When spouses decide to go their separate ways in Texas, they need to figure out how they will continue caring for their kids after the split. Family law requires that divorcing couples with kids decide on a co-parenting plan that outlines custody and visitation rights, child support payments and health care costs.

What is a co-parenting plan?

A co-parenting plan is a legal document that spells out the custody and visitation rights of divorced parents as well as child support payments and health care costs. It’s important to have a co-parenting plan in place because it helps ensure that both parents are on the same page when it comes to raising their kids. Without a co-parenting plan, there is a greater risk that parents will clash over parenting decisions, and this can be harmful to the children.

What are the benefits of a co-parenting plan?

One of the biggest benefits of having a co-parenting plan is that it helps reduce conflict between parents. When everyone knows their role and what’s expected of them, there is less chance for disagreements to arise. A co-parenting plan can also help ensure that the children have regular contact with both parents, which is beneficial for their development.

Additionally, a co-parenting plan can help parents avoid costly legal disputes down the road. If there is ever a disagreement about custody or visitation, the parties may visit the terms of the co-parenting plan and use them as guidance. This can save both time and money in family law court proceedings.

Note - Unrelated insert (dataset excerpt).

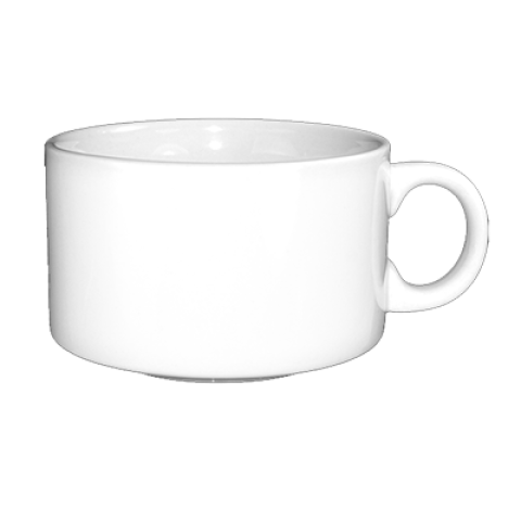 Soup Cup, 14.5 oz., 4-3/8" dia. x 2-3/4"H, round, with handle, fully vitrified, microwave & dishwasher safe, lead free, stoneware, European White, Torino™ Stak

Lastly, if parents or their children need access to medical records, school information and other important documents, the co-parenting plan can help expedite the process. It spells out who is responsible for making these kinds of decisions and what information they’re entitled to receive in order to make those decisions.

Creating a co-parenting plan requires input from both parents, which includes the willingness to compromise and an understanding of the children’s best interests. Also, when developing a co-parenting plan, parents should remember that it is legally binding.